Пока Шлиман работает над своей книгой о Микенах и ведет оживленную переписку с издателями о тысячах деталей, Вирхов в Афинах пытается воздействовать на представителей различных партий, чтобы с их помощью обеспечить продолжение раскопок, и настойчиво добивается в Константинополе нового фирмана относительно Трои. Ему в этом энергичнейшим образом, не нуждаясь в настойчивых предписаниях Гладстона, помогает британский посол сэр Генри Лейард. Тот сам, не будучи специалистом, тридцать лет назад на свой страх и риск с успехом вел археологические раскопки и нашел дворцы Нимруда.
Наконец у Шлимана доходят руки и до того, чтобы построить себе дом. Он выбирает место на углу университетской улицы, наискосок от напоминающего казарму королевского дворца. Здесь вырастает из земли новый дом. Он называет его «Хижиной Илиоса», но в действительности это самый красивый дом в Афинах.
Постройка длится два года, для темпов Шлимана невероятно долгий срок. Но тем не менее он почти не торопит строителей. Дом возводится не по афинским масштабам, полсвета должны внести в него свой вклад: мебель привозят из Вены, железные изделия и бронзу из Лондона, люстры из Парижа. Чтобы мозаики, украшающие пол и стены, соответствовали бы всем требованиям, два специалиста с ил многочисленными семьями — разве можно их разлучать так надолго! — па все время, пока идет строительство, переселяются из Ливорно в Афины.
«Хижина Илиоса» не очень велика, она рассчитана лишь на потребности семьи. На первом этаже, где грубо обработанные каменные плиты несколько напоминают третий тип микенской кладки, находится музей, хозяйственные помещения и комнаты слуг, которые обставлены не хуже, чем комнаты самого хозяина. Шлиман считает, что слуги также входят в состав его семьи, как Евриклея или Евмей входили в состав семьи Одиссея. Поэтому они охотно соглашаются и на то, что, поступив на службу к Шлиману, лишаются своих имен и принимают гомеровские: привратника зовут Беллерофонтом, лакея — Теламоном и т. д.
Каким бы прекрасным дом ни был и внутри, удобств в нем нет. Хозяин считает, что подобные вещи нужны лишь бездельникам. Желание Софьи иметь уютное кресло годами остается неудовлетворенным и даже стоит ей слез, пока она его, наконец, не получает. Но перед этим кресло, которое она ему однажды подарила, одним махом выставляется на улицу. Гардин в доме тоже нет, они только собирают пыль, да и Гомер ведь их не знал!

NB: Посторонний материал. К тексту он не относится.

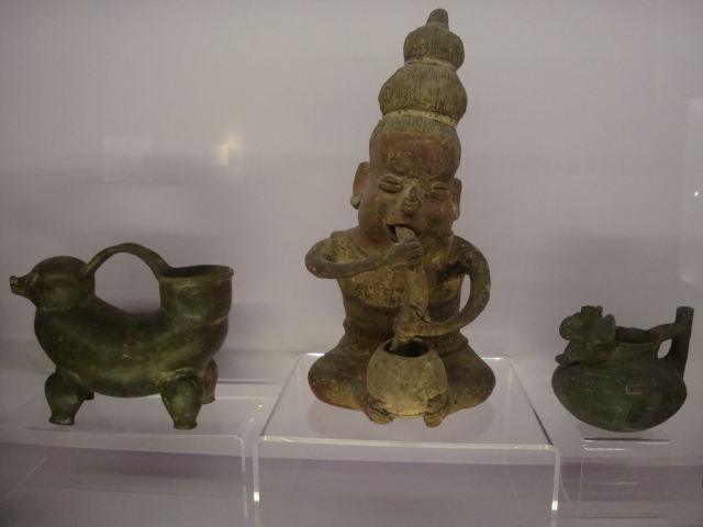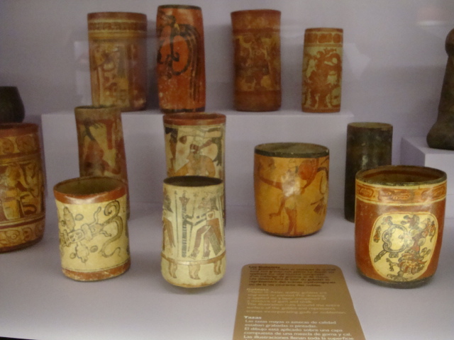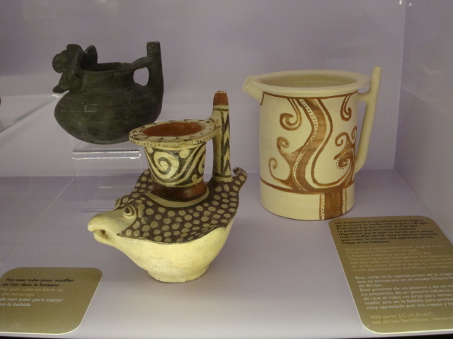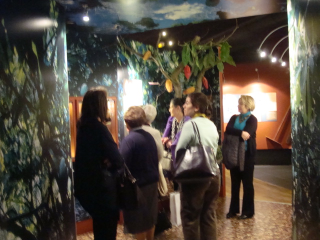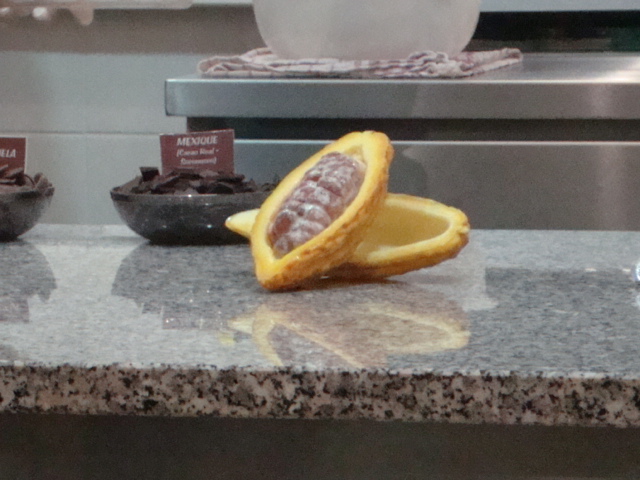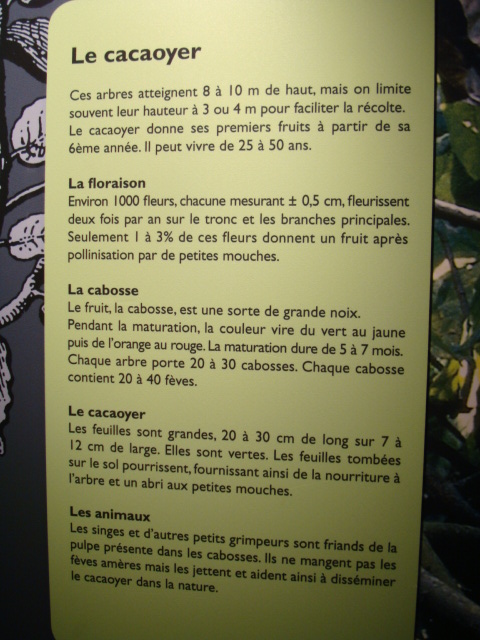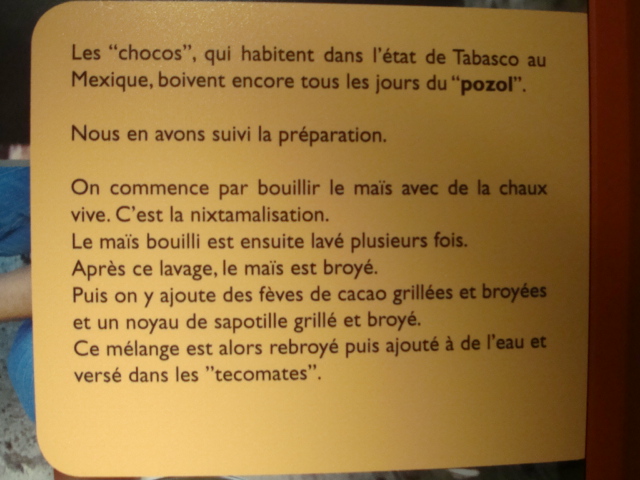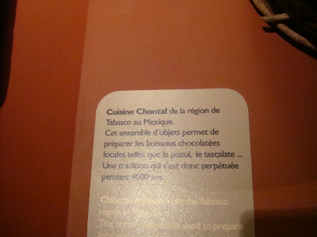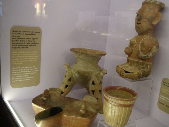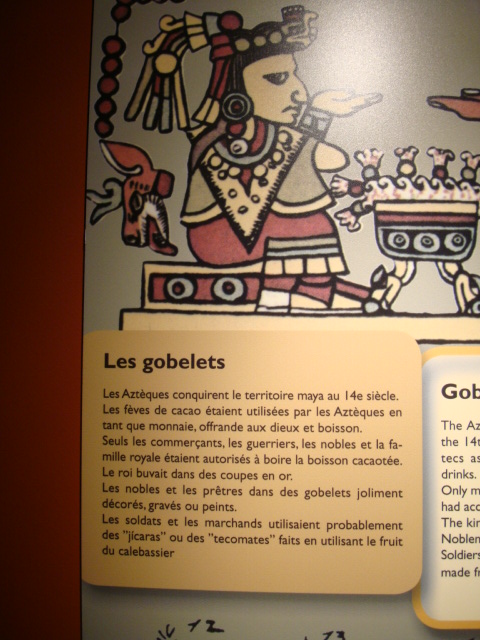 Au rez-de-chaussée, les premiers dioramas nous expliquent la biologie et la génétique du cacaoyer. Même pour les amateurs avertis que nous sommes, c’est l’occasion d’apprendre une quantité de détails comme par exemple le fait que le bananier, souvent associé au cacaoyer par l’ombre qui lui confère, n’est pas un arbre mais bel et bien une plante. Une particularité du cacaoyer réside dans le fait que ses fruits (cabosses) poussent directement sur le tronc et que seulement 1 à 2% des fleurs sont pollénisées et pourront éventuellement donner naissance à ce produit rare et délicat qu’est le cacao. Nous sommes tous impressionnés d’apprendre que trois variétés seulement de cacao sont cultivées (criollo , forastero, trinidad) alors que des dizaines de milliers ont été recensées à l’état sauvage. Notre guide nous rappelle également l’origine divine du cacao apporté aux hommes par le dieu Quetzalcóatl. Traitée comme telle, cette boisson divine était réservée à certaines castes : guerriers, familles royales, prêtres… mais aussi certains commerçants qui l’utilisaient pour ses effets dynamisants et affronter la pénibilité de leur travail. A noter qu’à partir de février 2011, une exposition sur « le chocolat et la santé » d’après les dernières études du Dr Robert nous renseignera sur les vertus de ce produit miracle vieux de plus de 4000ans ! Le musée présente une pièce exceptionnelle datée de -2000ans avant JC. Ce « metate », logo de la maison du chocolat que les gourmands doivent certainement avoir en tête, servait à broyer les fèves une fois torréfiées et ainsi obtenir la fameuse « masse de cacao » ou « pâte de cacao » que l’on utilise encore aujourd’hui. Nous apprenons également que la fève servait de pièce de monnaie de part sa très bonne conservation dans le temps. Quelques conversions nous ont valu des éclats de rire : un lapin coutait 10 fèves, un esclave 100 fèves… je vous laisse imaginer nos différentes estimations quant au prix d’une femme ! Cette première section du musée se termine alors par la présentation de différents gobelets, cruches et moussoirs datant de la période Aztèque et Maya.
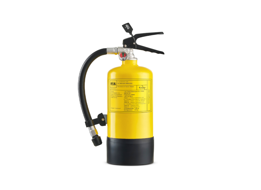 The 1.4 Litre extinguisher forms part of the Firexo Motorsport Range – the only comprehensive line of all-fires portable hand-held extinguishers fully approved to Fédération Internationale de l’Automobile (FIA) 8865-2015 standards.
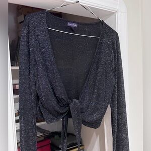 ✨ Elegant Vintage Long Tall Sally Black Glitter Tie-Front Shrug – Size L
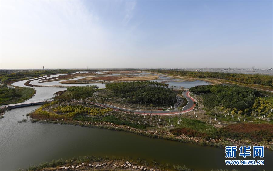 这是10月27日拍摄的天津港保税区临港生态湿地公园一景。 经过两年的建设,天津港保税区临港生态湿地公园二期项目日前顺利完工,对外开放。据了解,临港生态湿地公园位于天津港保税区临港区域西部,总面积约183万平方米,其中,二期总面积约120万平方米。这里原本是一片盐碱荒滩,经过改造和建设,本地块的湿地生态功能得到了有效修复,为鸟类提供了适宜的栖息环境,也进一步完善了天津临港区域的生态环境。 新华社发(赵子硕 摄)
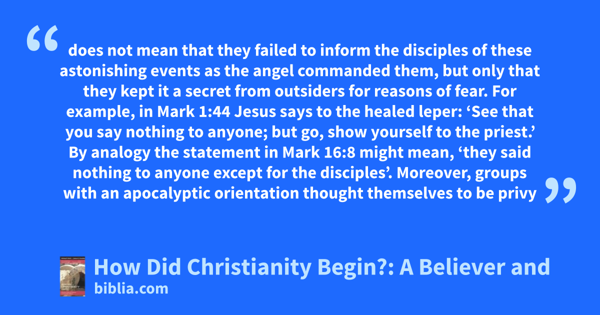 does not mean that they failed to inform the disciples of these astonishing events as the angel commanded them, but only that they kept it a secret from outsiders for reasons of fear. For example, in Mark 1:44 Jesus says to the healed leper: ‘See that you say nothing to anyone; but go, show yourself to the priest.’ By analogy the statement in Mark 16:8 might mean, ‘they said nothing to anyone except for the disciples’. Moreover, groups with an apocalyptic orientation thought themselves to be privy
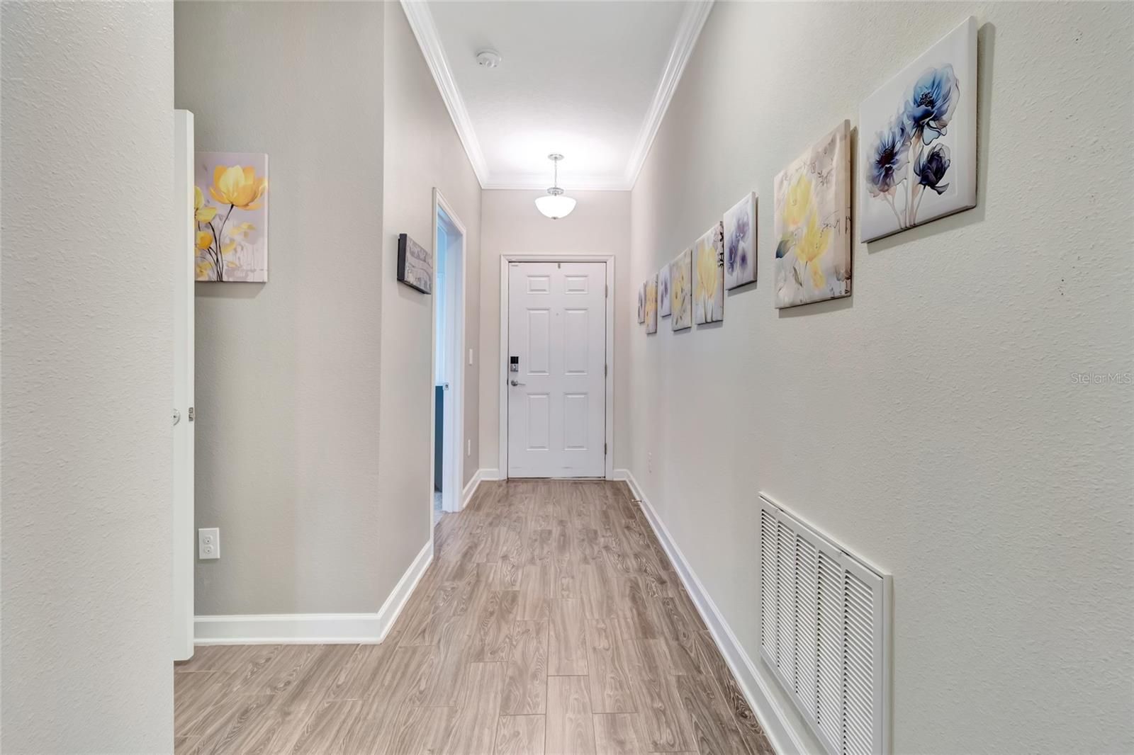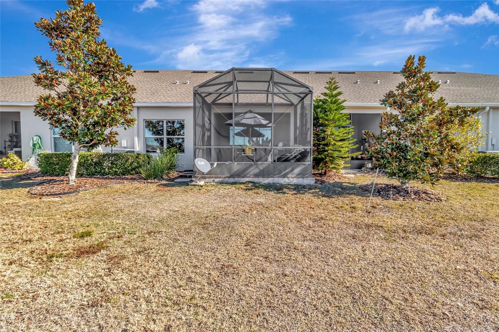 Welcome home to this beautifully maintained TURN KEY 2-bedroom, 2-bath residence located in the gated 55+ Heritage Hills community in Clermont. Built in 2018, this home offers a modern open-concept layout enhanced by upgraded tile flooring, crown molding throughout, and an extended screened-in patio perfect for relaxing or entertaining. The inviting entryway opens into a bright and spacious living area that seamlessly connects to the kitchen. The kitchen is well-appointed with stainless steel appliances, recessed lighting, solid surface countertops, and abundant cabinetry for storage. Adjacent to the kitchen is a dedicated dining space highlighted by an elegant light fixture and ample room for hosting family and guests. Natural light fills the expansive living room through sliding glass doors that lead to the rear patio. Just off the living area, the primary suite provides a comfortable retreat with generous space and a private ensuite bathroom featuring a dual-sink vanity and a glass-enclosed walk-in shower. The secondary bedroom is equally spacious, offering excellent natural light and its own private bathroom with a tub/shower combination. The flex room is currently used as a dining area but can be used as office, den or study. A separate laundry room is conveniently located near the kitchen for added functionality. Outside, enjoy a large stone patio that transitions into a fully screened porch with a screened ceiling, overlooking a serene dry retention pond. The driveway pavers and patio pavers were recently sealed and sanded. Plus a new microwave! The Heritage Hills community, offers resort-style amenities including a clubhouse, fitness center, community pool, hot tub, sauna, basketball and pickleball courts, shuffleboard, and more. The community features 24-hour guard-gated security, and the HOA covers exterior and grounds maintenance for a truly low-maintenance lifestyle.
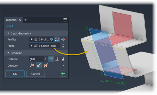 . Flips the direction of the cut from the default setting. Useful when the cut sketch is created on a reference plane. When the sketch is created on a sheet metal face, results in no material removal.
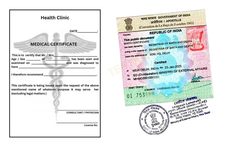 A Medical Certificate Apostille is an international verification process that confirms a medical document is valid, genuine, and issued by an authorised healthcare provider in India. When you travel abroad for a job, a long-term visa, studies, or immigration, foreign authorities often ask for a medical certificate that proves your health condition or medical fitness. To accept this document, countries that follow the Hague Apostille Convention require an official apostille stamp from the Ministry of External Affairs (MEA).

Когда поднимаешься по широкой мраморной лестнице, то со всех сторон тебя приветствуют золотые строфы Гомера, а на мозаичном фризе изображены гомеровские сцены. Есть среди них и одна современная: хозяин, с очками на носу и с Гомером или Павсанием в руках, раскапывает гомеровские места. На втором этаже находятся гостиные и столовая, на третьем — спальни, библиотека и кабинет.
В доме, если смотреть с улицы, мало окон, но зато его стены решены в виде лоджий. Часть их выходит в сад, где хозяин следит за деревьями и цветами и ухаживает за своими собаками, кошками, голубями и ежами. Из других лоджий открывается вид на Акрополь, Тесейои, Ликабеттос, Гимет и Парнас. На парапете плоской крыши стоят, поднимаясь к ясному небу Аттики, двадцать четыре статуи олимпийских богов, но они — ведь расточительность и скупость живут бок о бок — из презренного гипса.
В этом доме рождается сын, Агамемнон. Когда Софья открывает глаза и хочет взглянуть на младенца, он исчез. В страхе проходит минута, пока Хрисеида не сообщает, что хозяин взял новорожденного и понес на крышу. Там он подставляет его лучам солнца, протягивает Гелиосу — Илиосу, кладет ему на голову древнюю рукопись, свиток со стихами Гомера, и читает вслух любимейшие строфы поэта.
Несколько дней спустя младенца крестят и по православному обряду. Тут дело едва не заканчивается скандалом. Почтенный архиепископ протянул было уже руку, чтобы окропить младенца святой водой, как к нему подскакивает озабоченный отец со своим вездесущим градусником и хочет измерить температуру воды.